No.		Fe2+ = 0.3		Mn2+ = 0.4
1	Average Concentration (mg/L)	0.22	0.22	0.16	0.16
2	Old	Children	Adults	Children	Adults
3	R (liter)	1	2	1	2
4	Fe2+ (day/year)	350	350	350	350
5	Dt (year)	6	30	6	30
6	Wb (kg)	15	55	15	55
7	t avg (day)	10,950	10,950	10,950	10,950
8	RFd (mg/kg.day)	0.006	0.006	0.14	0.14
appe9	CDI (mg/kg.day)	0.00	0.01	0.00	0.01
10	Risk Characterization	0.47	1.27	0.01	0.04
11	Status	Unsafe	Unsafe	Safe	Safe
12	Safe Concentration (mg/L)	0.47	0.17	0.01	0.02

, which shows that iron concentrations in underground rivers pose potential health risks.

6. Conclusions

This study confirms that geological and anthropogenic variables significantly impact the quality of spring water and underground river water, while the use of fertilizers and agricultural and domestic waste also influence the hydrochemical conditions of groundwater. Pearson’s correlation analysis reveals interdependence among various physicochemical factors, where the composition of parameters in the aqueous solution determines the correlation between TDS-EC and Fe²⁺–Mn²⁺. These findings indicate that the dissolution of rock minerals affects groundwater geochemistry, with interactions between groundwater and rock reflecting dissolution and mineral decomposition processes. Correlation matrices show that most water quality parameters exhibit statistically significant relationships, with TDS having a strong correlation with EC (r = 0.97) but a weaker correlation with Fe²⁺, Mn²⁺, CaCO₃, and SO₄²⁻. Fe²⁺ shows significant correlations with Mn²⁺ and TDS (r = 0.81 and 0.55), while the negative correlations between CaCO₃ and EC and TDS (r = −0.34 and −0.31) suggests that CaCO₃ is not solely derived from rock weathering but may also originate from anthropogenic sources. Alkalinity, typically represented by CaCO₃, is determined by the presence of hydroxide, carbonate, bicarbonate, and organic acid ions, which come from various natural processes.

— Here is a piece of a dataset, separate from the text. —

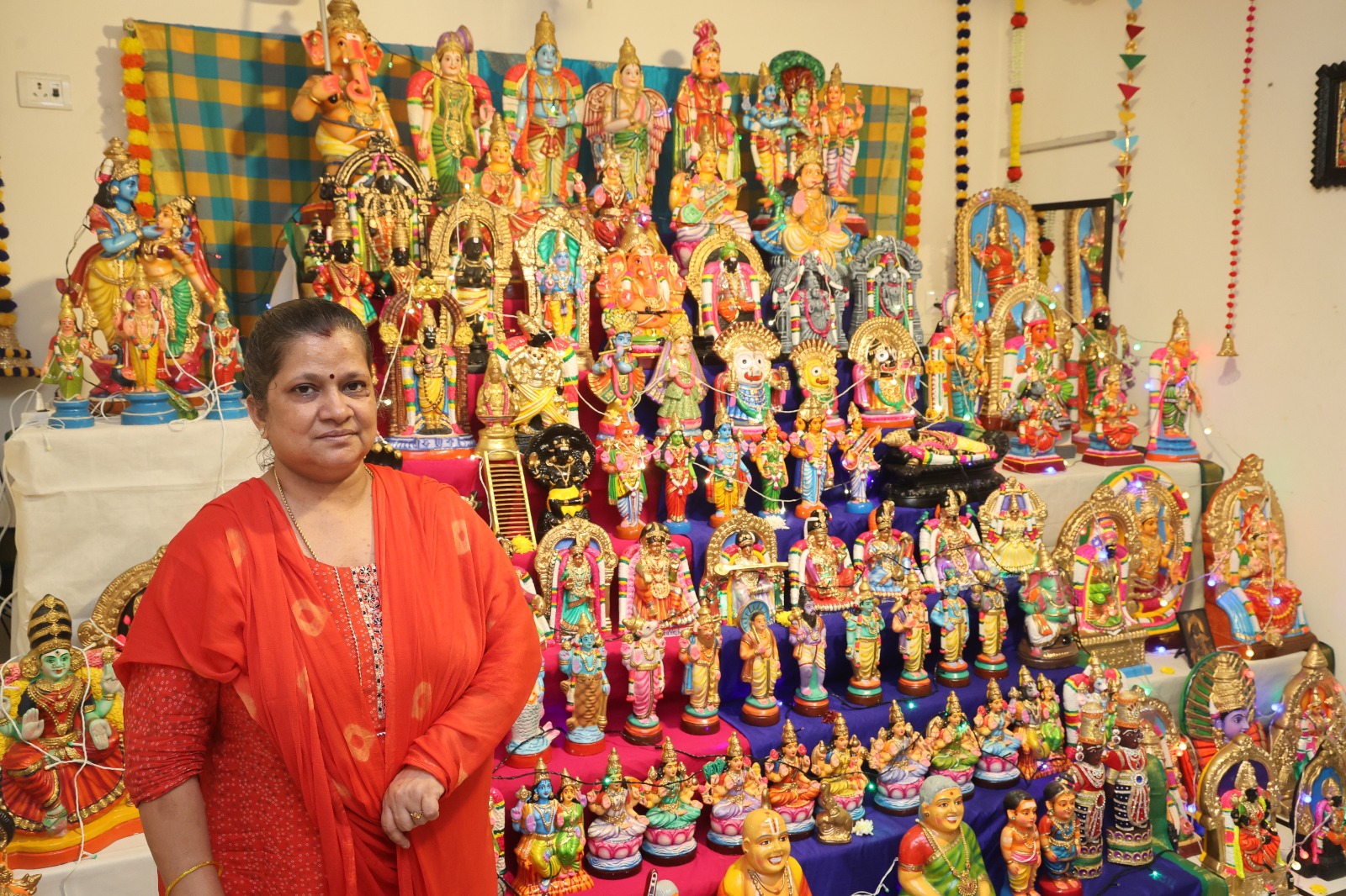 The theme sets included city parks, cricket matches, popular spots in Chennai and places of pilgrimage. Some families used coloured illumination, some designed large, intricate beautiful kolams for the kolu.

The health risk assessment results reveal the presence of non-carcinogenic health risks due to high iron levels, particularly in underground rivers, with greater health threats compared to springs. Therefore, effective communication with communities is crucial, with measures such as regular tube well water quality testing, raising awareness about affordable and safe water provision, and developing cost-effective household water treatment systems. While sulfate levels were also analyzed their health impacts were found to be secondary compared to heavy metals (Fe and Mn), which constitute the main contributors to non-carcinogenic health risks in the study area. The novelty of this study resides in the fact that it uses GWQI, HHRA, and statistical analysis to conduct an integrated assessment of groundwater quality and health risks in the karst region of Trenggalek. This assessment reveals geochemical interactions and brings attention to health problems associated with iron in underground rivers.

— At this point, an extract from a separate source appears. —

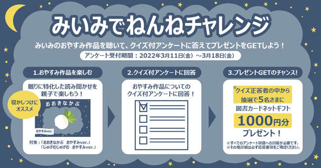 東京ガスは絵本読み聞かせアプリ「みいみ」で、クイズに正解した方の中から抽選で5名様に図書カードネットギフト1000円分をプレゼントするキャンペーンを3月11日から3月18日まで実施します。

Further research is needed to gain a deeper understanding of health risks associated with iron and manganese in drinking water sources to develop more effective water quality improvement and risk mitigation strategies. By implementing the recommended measures and continuing research efforts health risks can be minimized, ensuring the safety of water resources for communities in the study area.